Your advice with a dedicated line is spot on, however, it won’t fix problems upstream of your panel such as a loose lug on the meter socket. There are other things going on outside of my audio system that strongly indicates a poor ground or bad neutral connection.

I could pull a dedicated line, I could buy a filter, I could buy a regenerator, and I probably will some day, but there has to be a better method than “just try whatever and see what helps.” If you can diagnose the problem properly, then you can apply focused solutions which saves time, money and headaches.
Early in 2020, on the recommendation of my electrician and @jea48, I contacted our Power Company and requested a power quality analysis. They installed a special meter and downloaded weekly readings for a month. It resulted in some repairs to our service, and to neighbors’ service. One repair improved voltage consistency. 

It was free. Well worth investigating.
Besides poor audio quality, two examples of what I’m experiencing are:

1) Playing music with bass at low to moderate levels causes dimming lights.
2) Slowly walking on a treadmill causes the lights in the room to substantially dim with each foot step.

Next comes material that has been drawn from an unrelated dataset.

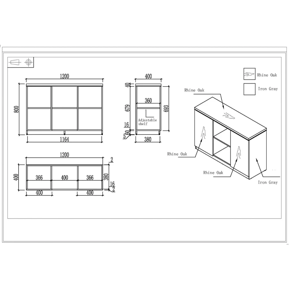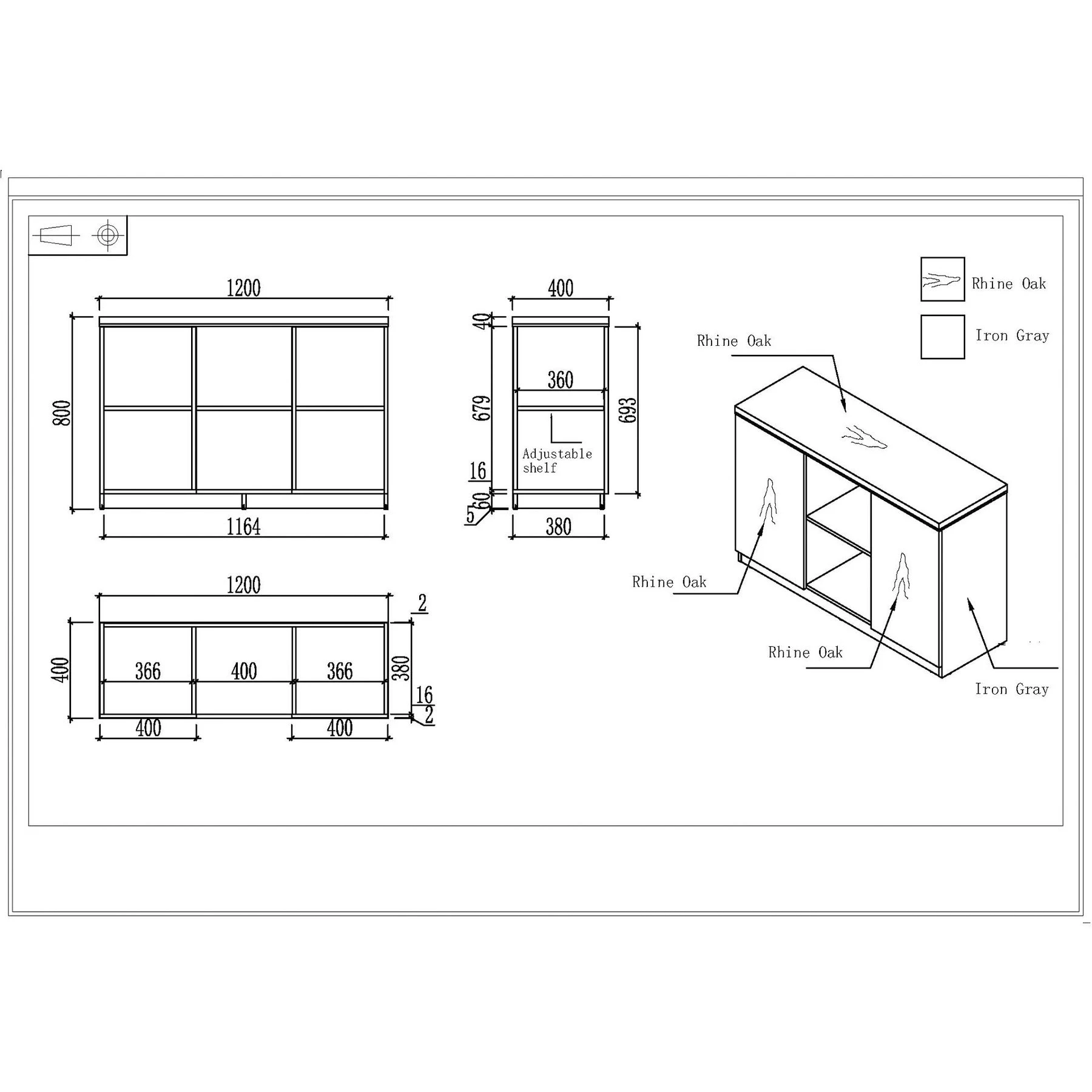 Шкаф RFG Chicago, 1200 х 400 х 800 mm, ПДЧ, дъб Рейн и тъмносиво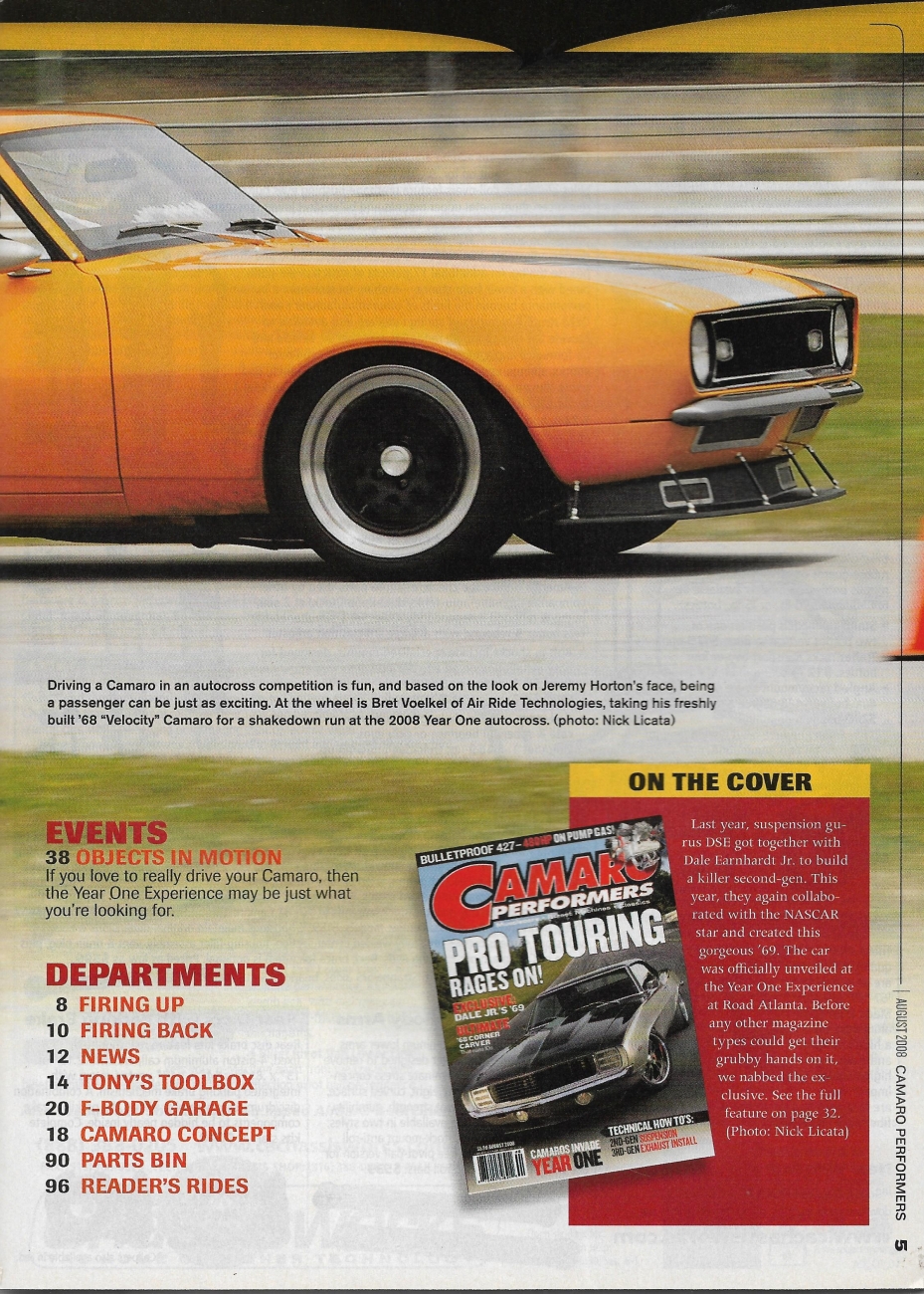 CAMARO PERFORMERS 2008 AUG - PRO TOURING, DALE JR '69, '68 RUNNING 10'S

I’ve had electricians tell me that the best way to wire things is to have the lights and outlets on separate circuits so that things like treadmills don’t dim the lights, but there’s just no way a slow paced walk on the treadmill is pulling down the voltage that much on a normally functioning electric service. The problem seems to affect the whole house which makes me think it’s upstream of my panel. I’ve had all the lugs in my panel tightened and I even dug up the top of the ground rod to verify it’s connected and it is.